Gender Studies

Historically conditioned gender configurations are pertinent to a number of our research projects. Cultural artefacts such as literary texts or other media enter into a complex relationship with the conventions of their time, including its conventions regarding constructions of gender. In the process, normative statements can be assessed self-reflexively and become modified; in some instances these modifications, by allowing for new subject positions, will then filter back into society beyond the artefact.

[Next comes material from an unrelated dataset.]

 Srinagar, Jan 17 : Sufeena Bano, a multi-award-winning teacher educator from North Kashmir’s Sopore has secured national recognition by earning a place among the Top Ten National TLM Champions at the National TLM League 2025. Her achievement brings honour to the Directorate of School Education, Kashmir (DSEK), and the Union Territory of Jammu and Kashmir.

Our past and current research projects include:

Masculinities in British and Australian Literature of the Great War

Silvia Mergenthal, who has addressed questions of gender throughout her career, is currently completing a monograph entitled A Man Could Stand Up: Masculinities in British and Australian Literature of the Great War. In this contribution to masculinity studies, Mergenthal, building on the seminal work of R. W. Connell, will investigate how canonical as well as non-canonical fictional texts of the Great War and its aftermath negotiate hegemonic constructions of masculinity. From a synchronic perspective, the book will explore the interplay between fictional masculinities variously inflected by age, class, political affiliation, or sexual orientation; it will also link these fictional masculinities to those encoded in other, non-fictional discourses of the period. Diachronically, it will sketch developments in the pre-war, war and immediate post-war decades, but also read these developments against later, that is, late 20th and early 21st century, literary representations of the Great War.

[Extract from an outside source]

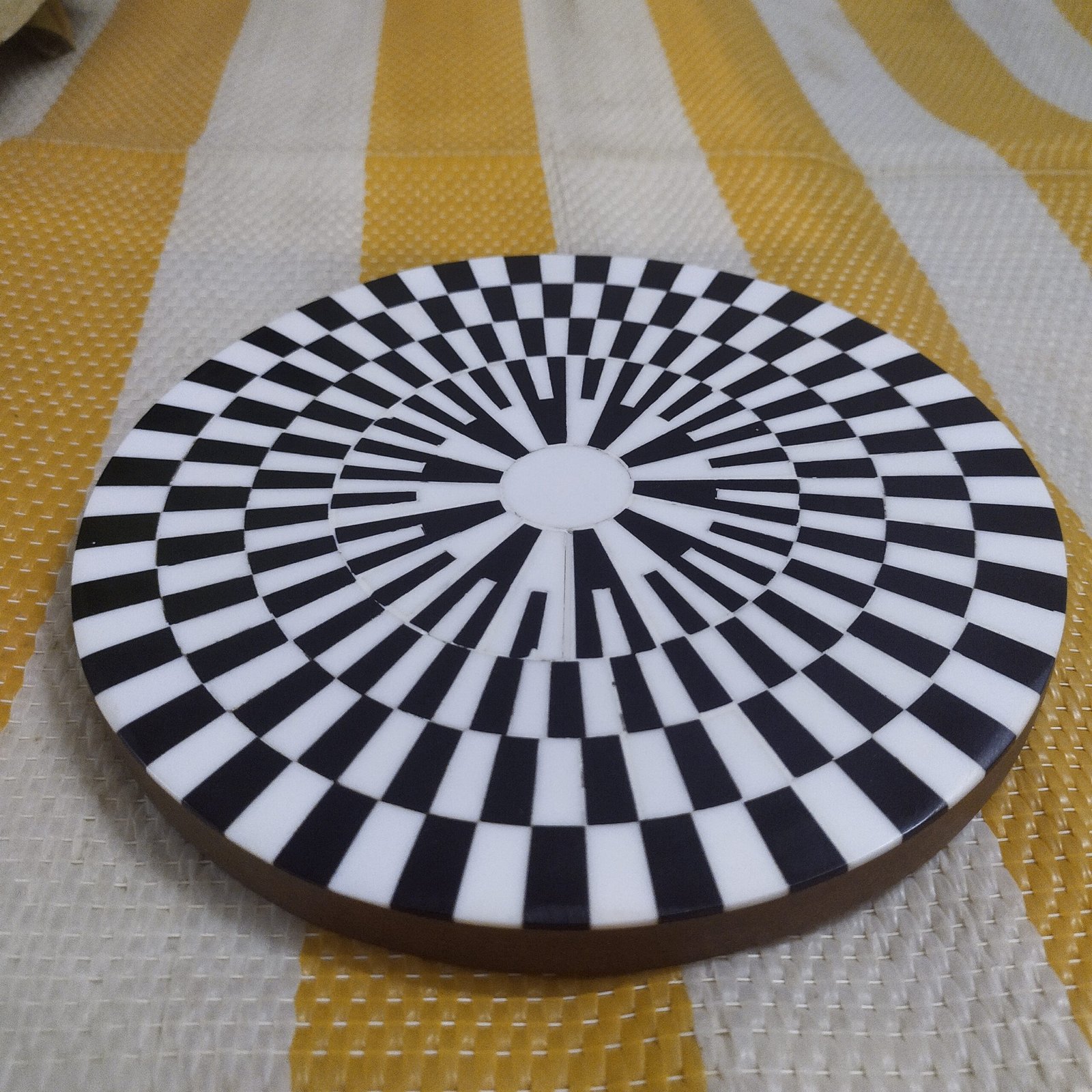 from premium resin/MDF. Designed with an eye-catching optical illusion pattern, this coaster not

Shame in Victorian Fiction

In her post-doc project “The Performativity of Victorian Shame: Materialist-Discursive Perspectives on the Shame Affect in the 19th-Century Novel” (working title), Anja Hartl examines experiences and representations of shame in Victorian literature. Drawing on a wide range of theories, most notably affect theory and New Materialism, Hartl explores how shame is constructed socially and discursively and which functions it is attributed in selected novels by Elizabeth Gaskell, Wilkie Collins, Thomas Hardy, and Oscar Wilde. Focusing in particular on how the texts represent, negotiate and instrumentalise shame, Hartl identifies eminent political and ethical concerns in the novels’ conceptualisations of shame that radically question the sexual norms, conventional gender roles and the political status quo of the time, while also pointing to the limits of affective emancipation. In this sense, shame experiences in 19th-century fiction function as a testing ground for identity formation and emancipation – both individually and socially.

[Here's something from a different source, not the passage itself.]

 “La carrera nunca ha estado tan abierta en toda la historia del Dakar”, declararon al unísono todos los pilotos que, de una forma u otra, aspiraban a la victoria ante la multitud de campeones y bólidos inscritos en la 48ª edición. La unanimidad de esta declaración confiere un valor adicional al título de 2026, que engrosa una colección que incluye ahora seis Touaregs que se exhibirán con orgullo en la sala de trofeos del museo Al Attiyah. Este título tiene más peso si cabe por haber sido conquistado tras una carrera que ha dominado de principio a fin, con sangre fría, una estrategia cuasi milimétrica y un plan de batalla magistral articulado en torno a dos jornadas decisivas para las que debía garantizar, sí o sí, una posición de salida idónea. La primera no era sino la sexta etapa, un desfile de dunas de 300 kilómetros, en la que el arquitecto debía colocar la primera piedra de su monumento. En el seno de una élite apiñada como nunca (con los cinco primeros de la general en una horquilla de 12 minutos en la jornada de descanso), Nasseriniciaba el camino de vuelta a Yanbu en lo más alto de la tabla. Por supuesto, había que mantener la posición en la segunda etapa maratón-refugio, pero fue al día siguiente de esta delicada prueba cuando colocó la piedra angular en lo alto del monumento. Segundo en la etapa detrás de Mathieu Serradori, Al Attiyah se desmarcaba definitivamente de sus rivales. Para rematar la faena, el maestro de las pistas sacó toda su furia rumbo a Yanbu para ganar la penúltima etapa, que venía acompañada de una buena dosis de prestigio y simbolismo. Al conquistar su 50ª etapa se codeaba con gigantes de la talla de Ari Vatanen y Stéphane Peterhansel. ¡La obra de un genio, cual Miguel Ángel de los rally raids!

Gender and Genre in Contemporary Drama

Hysteria, trauma and melancholia have not only become powerful tropes in modern-day culture at large; they are also prominent in the theatre. How do contemporary plays employ these concepts? How does the staging of these ‘disorders’ affect the aesthetics of the plays? What exchange relations between theory and theatre can be traced? Christina Wald pursues such questions in her study Hysteria, Trauma, and Melancholia: Performative Maladies in Contemporary Drama, establishing the characteristics and concerns of ‘The Drama of Hysteria’, ‘Trauma Drama’, and ‘The Drama of Melancholia’ through in-depth readings of works by playwrights such as Anna Furse, Terry Johnson, Sarah Daniels, Phyllis Nagy, Claire Dowie, David Auburn, Marina Carr and Sarah Kane. Conceptualising hysteria, trauma and melancholia as ‘performative maladies’, Wald educes an exciting interaction of theatrical performance, psychiatric and psychoanalytic theory, and the theory of gender performativity.